Ravid K, Rosenthal R A, Doctrow S R, Lowenstein J M
Graduate Department of Biochemistry, Brandeis University, Waltham, MA 02254.
Biochem J. 1989 Mar 15;258(3):653-61. doi: 10.1042/bj2580653.

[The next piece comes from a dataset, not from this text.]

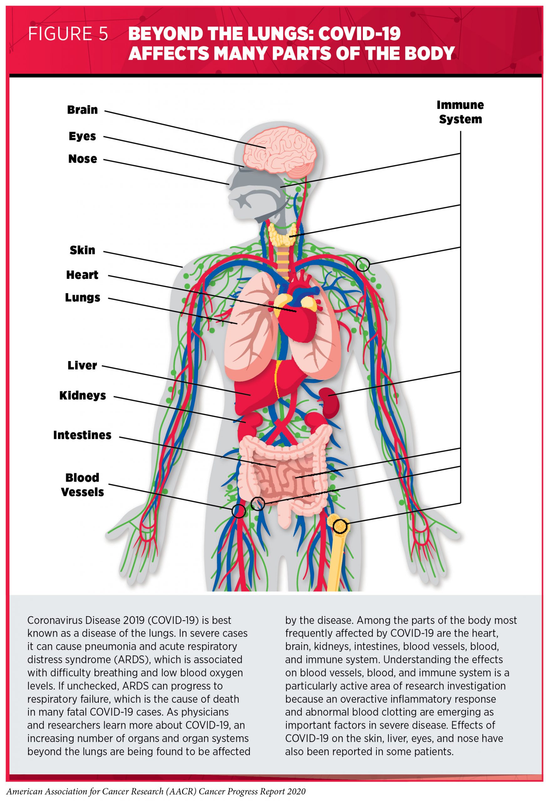 One possible explanation for the widespread damage seen in some patients who have COVID-19 is an overactive inflammatory response (69)Tay MZ, Poh CM, Rénia L, MacAry PA, Ng LFP. The trinity of COVID-19: immunity, inflammation and intervention. Nat Rev Immunol [Internet]. Nature Publishing Group; 2020 [cited 2020 Aug 1];20:363–74.(67)Gupta A, Madhavan M V., Sehgal K, Nair N, Mahajan S, Sehrawat TS, et al. Extrapulmonary manifestations of COVID-19. Nat Med [Internet]. Nature Publishing Group; 2020 [cited 2020 Jul 15];26:1017–32.. This can lead to a condition known as cytokine-release syndrome and severe, systemic inflammation. Inflammation in the lungs can progress to acute respiratory distress syndrome (ARDS), causing difficulty breathing and low blood oxygen levels. If unchecked, ARDS can progress to respiratory failure, which is the cause of death in many fatal COVID-19 cases. In addition, uncontrolled cytokine-release syndrome can lead to failure of other organs, most notably the heart, liver, and kidneys. Another explanation for the widespread damage in some patients who have COVID-19 is that cells lining the blood vessels can become damaged by the virus and/or the inflammatory response, which triggers abnormal blood clotting (67)Gupta A, Madhavan M V., Sehgal K, Nair N, Mahajan S, Sehrawat TS, et al. Extrapulmonary manifestations of COVID-19. Nat Med [Internet]. Nature Publishing Group; 2020 [cited 2020 Jul 15];26:1017–32.. This, in turn, can cause widespread organ damage.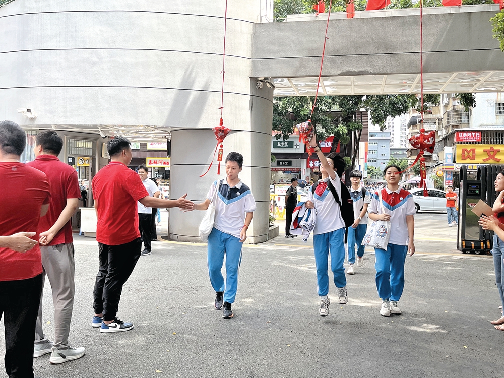 在惠州市第八中學(xué)考點,老師們身著紅色上衣,在校門口分列迎接考生。學(xué)校還在校門口懸掛寓意“一舉高中”的粽子,每位考生經(jīng)過都摸一下,討個好彩頭。老師們還逐一與考生擊掌,為他們加油打氣。

Membranes prepared from calf brain were solubilized and chromatographed on a column containing 5'-amino-5'-deoxyadenosine covalently linked to agarose through the 5'-amino group. When the column was eluted with adenosine, a pure protein emerged with subunit molecular mass of 28 kDa. The protein was extracted from the membranes with sodium cholate, but not with 100 microM-adenosine or 0.5 M-NaCl. A similar 28 kDa protein was isolated from the soluble fraction of calf brain. The yield of membrane-bound and soluble 28 kDa protein per gram of tissue was about the same. The 28 kDa protein was also found in membrane and soluble fractions of rabbit heart, rat liver and vascular smooth muscle from calf aorta. The yield per gram of tissue fell into the order brain greater than heart approximately vascular smooth muscle greater than liver for the 28 kDa protein from the membrane fraction, and brain approximately heart greater than vascular smooth muscle greater than liver for the 28 kDa protein from the soluble fraction. Polyclonal antibodies to pure 28 kDa protein from calf brain membranes cross-reacted with the 28 kDa protein from calf brain soluble fraction and with 28 kDa proteins isolated from other tissues. The 28 kDa protein from calf brain membranes was also eluted from the affinity column by AMP and 2',5'-dideoxyadenosine, but at a concentration higher than that at which adenosine eluted the protein, but N6-(R-phenylisopropyl)adenosine, 5'-N-ethylcarboxamidoadenosine, ADP, ATP, GTP, NAD+, cyclic AMP and inosine failed to elute the protein at concentrations up to 1 mM. The 28 kDa protein from the soluble fraction was not eluted by 3 mM-AMP or 1 mM-N6-(R-phenylisopropyl)adenosine,-5'-N-ethylcarboxamidoadenosine or -cyclic AMP. Unexpectedly, the soluble 28 kDa protein was eluted by AMP in the presence of sodium cholate. Soluble 28 kDa protein from calf brain had a KD for adenosine of 12 microM. Membrane 28 kDa protein from calf brain had a KD of 14 microM in the presence of 0.1% sodium cholate. Amino acid compositions of the 28 kDa proteins were similar, but not identical.
从小牛脑制备的膜被溶解,并在一个含有通过5'-氨基与琼脂糖共价连接的5'-氨基-5'-脱氧腺苷的柱上进行色谱分析。当用腺苷洗脱该柱时,出现了一种亚基分子量为28 kDa的纯蛋白。该蛋白用胆酸钠从膜中提取,但不能用100 microM-腺苷或0.5 M-氯化钠提取。从牛脑的可溶性部分分离出了一种类似的28 kDa蛋白。每克组织中膜结合和可溶性28 kDa蛋白的产量大致相同。在兔心脏、大鼠肝脏和小牛主动脉的血管平滑肌的膜和可溶性部分中也发现了28 kDa蛋白。对于来自膜部分的28 kDa蛋白,每克组织的产量顺序为脑>心脏>血管平滑肌>肝脏,对于来自可溶性部分的28 kDa蛋白,顺序为脑>心脏>血管平滑肌>肝脏。针对从小牛脑膜中提取的纯28 kDa蛋白的多克隆抗体与从小牛脑可溶性部分提取的28 kDa蛋白以及从其他组织中分离的28 kDa蛋白发生交叉反应。从小牛脑膜中提取的28 kDa蛋白也被AMP和2',5'-二脱氧腺苷从亲和柱上洗脱下来,但洗脱浓度高于腺苷洗脱该蛋白的浓度,而N6-(R-苯异丙基)腺苷、5'-N-乙基羧酰胺腺苷、ADP、ATP、GTP、NAD+、环AMP和肌苷在浓度高达1 mM时未能洗脱该蛋白。来自可溶性部分的28 kDa蛋白未被3 mM-AMP或1 mM-N6-(R-苯异丙基)腺苷、-5'-N-乙基羧酰胺腺苷或-环AMP洗脱。出乎意料的是,在胆酸钠存在下,可溶性28 kDa蛋白被AMP洗脱。从小牛脑中提取的可溶性28 kDa蛋白对腺苷的KD为12 microM。在0.1%胆酸钠存在下,从小牛脑膜中提取的28 kDa蛋白的KD为14 microM。28 kDa蛋白的氨基酸组成相似,但不完全相同。